Comment 4 Dan Yocum 2016-04-13 01:37:37 UTC
Hardware is Dell r630 and r730xd with BIOS 1.3.6, fw version 2.15.10.10. Intel CPUs and Intel(R) 2P X520/2P I350 rNDC	NIC.

Might be related to BZ https://bugzilla.redhat.com/show_bug.cgi?id=1316550.

Comment 5 Dmitry Tantsur 2016-04-18 08:04:05 UTC
There is a file called "log" (or logs) in the root of the ramdisk, could you please grab it as well?

also would be great to confirm if the problem is the same as in bug 1316550.

Comment 6 Dan Yocum 2016-04-18 19:24:34 UTC
This is currently blocked by this bug, now:

https://bugzilla.redhat.com/show_bug.cgi?id=1328237

When I can re-recreate the inspector.sqlite db schema, then yes, I will get the log file on ramdisk.

Comment 7 Dan Yocum 2016-04-19 00:12:53 UTC
Created attachment 1148292 [details]
log file

Comment 8 Steve Baker 2016-04-19 01:25:25 UTC
Is 01-ec-f4-bb-e7-06-cc em3 the expected BOOTIF interface? If not then you may benefit from a newer iPXE as per bug #1326086

Comment 9 Dan Yocum 2016-04-21 15:00:50 UTC
I can verify that the following ramdisk images allow introspection to complete successfully on Dell R630 and R730xd systems with Intel X520 i350 nics:

[root@ops2 ~]# rpm -qa | grep director-images
rhosp-director-images-ipa-8.0-20160415.1.el7ost.noarch
rhosp-director-images-8.0-20160415.1.el7ost.noarch

Additionally, I can verify that ipxe booting is now successfully working using the these boot roms:

[root@ops2 ~]# rpm -qa | grep ipxe
ipxe-bootimgs-20160127-1.git6366fa7a.el7.noarch
ipxe-roms-qemu-20160127-1.git6366fa7a.el7.noarch

Comment 10 Dmitry Tantsur 2016-04-22 12:04:57 UTC
Judging by common 9 I assume the problem got fixed by one of puddle updates, right? If so, please close this bug. Otherwise please clarify what you hit now.

Comment 11 Dan Yocum 2016-04-22 14:07:28 UTC
I'm using GA rpms, nothing from the puddles.

With that in mind, can you give a summary of what bash issue was preventing RHELv7.2 ramdisks from completing the introspection?

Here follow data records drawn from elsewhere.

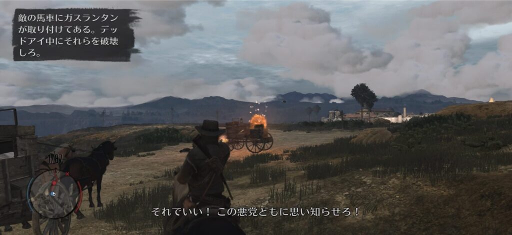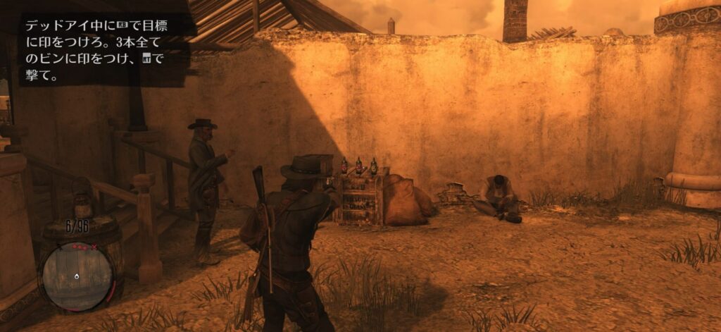 デッドアイ中に3本のビンにマークをつけて撃つ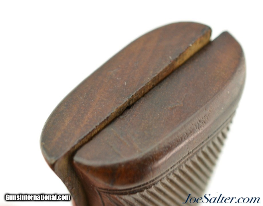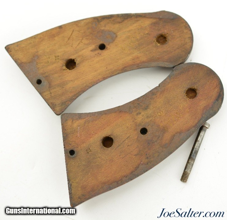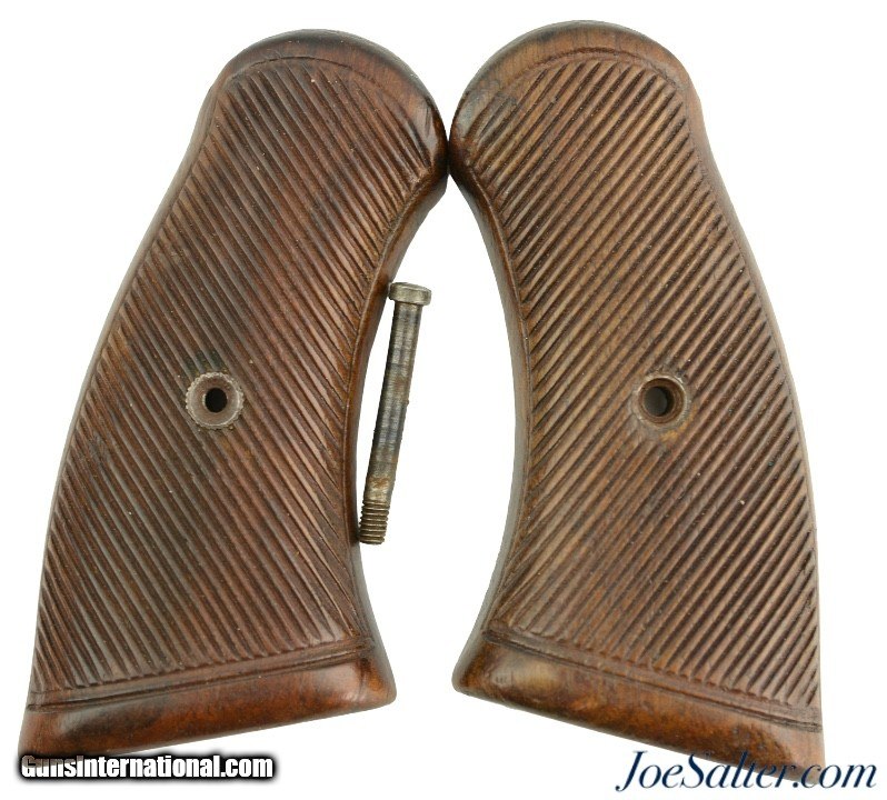 Description: This is a set of genuine WWII .38 Enfield No.2 wooden grips in excellent condition with light wear and original screw. These are crown marked and have initials, "RP" "CWM" scribes into the back. These grips retain original shape and finish, offering an authentic restoration or replacement option for collectors and shooters seeking period-correct ergonomics and appearance.; Price: $125.00 Contact Seller |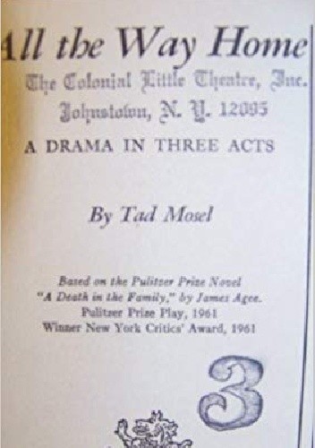 A play written by American playwright Tad Mosel, adapted from the 1957 James Agee novel, A Death in the Family. Both authors received the Pulitzer Prize for their separate works.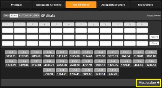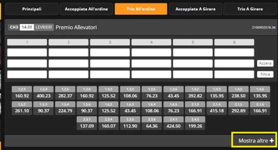 Oltre alle scommesse principali, è possibile piazzare la puntata su: Accoppiata all’ordine, Trio

Comment 12 Dmitry Tantsur 2016-04-22 14:52:18 UTC
We've fixed a bunch of different problems in OSPd8 (some of them still hit us in OSPd7). I can't recall one big specific problem.

Comment 13 Dan Yocum 2016-04-22 15:08:23 UTC
Per our conversation and the lack of a concrete cause for the failure, and since the error has now been resolved, possibly due to changes in the upstream RHEL ramdisk, I'm closing this BZ.